I've had a week of vampires. I finally managed to get my thoughts together in a V Rising review after being quite frustrated with the game, then quite smitten by it, and then I wrote about vampires for Five of the Best, and I'll be writing about vampires again for Bertie's Evil Adventures. Blimey - let's hope I still have something incisor to say after all of that! I promise you that introduction wasn't just an elaborate set-up for a terrible pun. But as much as I want to write about vampires again for Game of the Week, there's another game I simply can't ignore (even though Lorelei and the Laser Eyes is trying its best to vye for my attention) and it's Senua's Saga: Hellblade 2.

You'll be forgiven for not even noticing it's come out. Microsoft hasn't particularly advertised it, which I find strange, given the lack of high profile exclusives Xbox currently has to crow about. Perhaps you were also somewhat distracted, like we were, by the news Eurogamer has a new owner in IGN. That's a development I'm sure you're keen to understand the finer points of - I'm planning to record an episode of Inside Eurogamer in a week's time to explore it more, once we have a bit more to say there. But: back to Hellblade 2.

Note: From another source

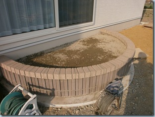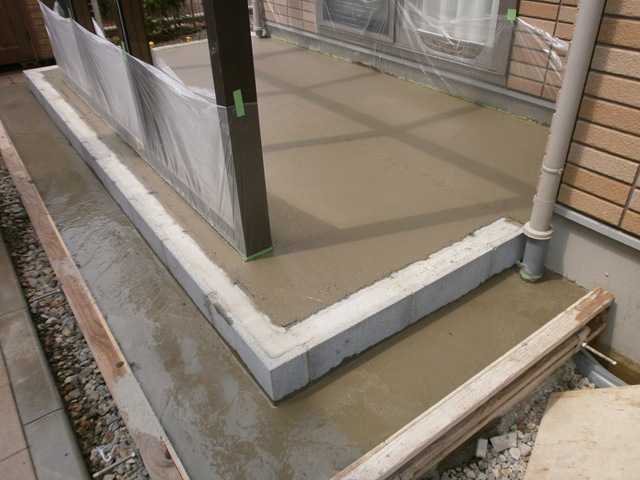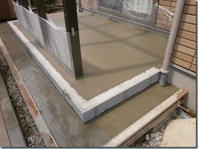 門柱ガラスブロック N様邸 4月17日(水) 晴れ 長野市N様邸施工現場 門柱にガラスブロックを3個組みこみました 半円形のテラスに砕石を入れました ベースコンクリートの下地を作りました エクステリア 長野 「トレド」

Hellblade 2 reminds me of an old kind of game, which isn't supposed to sound in any way shady - it's actually complimentary. What I mean by it is Hellblade 2 is not surrounded by modern business model trappings, like live service elements and microtransactions. It's a one-and-done story-led, cinematic adventure, produced in a way that screams "that's enough", but still given room to be experimental with the form. I feel strange saying it but it's unusual. It's special.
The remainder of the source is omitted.